The two Special Jury Awards, worth €10,000 ($10,800) each, went to Indian director Midhun Murali’s Kiss Wagon, a political drama shot with a shadow play technique, and Australian filmmaker Jaydon Martin’s Flathead, a hybrid work exploring blue collar life in Australia.
Baraheni’s The Old Batchelor won top the €30,000 ($32,000) VPRO Big Screen Award 2024, which is shared equally between the filmmaker and the producer.
The Big Screen competition showcased 12 titles bridging the gap between popular, classic and arthouse cinema
“Exploring powerful themes of patriarchy, misogyny, love, violence and tragedy, this film is a masterclass in storytelling, through its gripping, nuanced dialogue, exquisite attention to detail and its development of tension, which simmers throughout the film until it reaches boiling point in the final, explosive act,” said the jury consisting of Samina Khan, Sylvie de Leeuwe, Lisa van der Loos, Marcos Silva and Ella de Bruijn.

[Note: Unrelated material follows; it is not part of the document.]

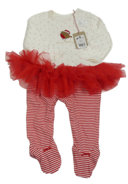 Nové - Bielo-červený overal s tylem a vtáčikom Mothercare

Murali’s Kiss Wagon also won the FIPRESCI Award for its “sheer spunk and freshness in approaching the grave issue of lack of liberties and of sexual and gender repression in a manner that combines humour, spectacle and intrigue.”
This FIPRESCI jury comprised Ela Bittencourt, Dārta Ceriņa, Panagiotis Kotzathanasis, Antonios Lagarias and Ronald Rovers.
The NETPAC Award for the best Asian feature film, awarded by a jury from the Network for the Promotion of Asian Cinema, went to Ishan Shukla’s Indian director dystopian animated feature Schirkoa: In Lies We Trust.
“It is a film with a universal approach, done in a spectacular style with a clear vision, with a lot of astonishing ideas and with a great sense of humour,” said the jury consisting of Elena Larionova Haug, Donsaron Kovitvanitcha and Andreas Ungerböck.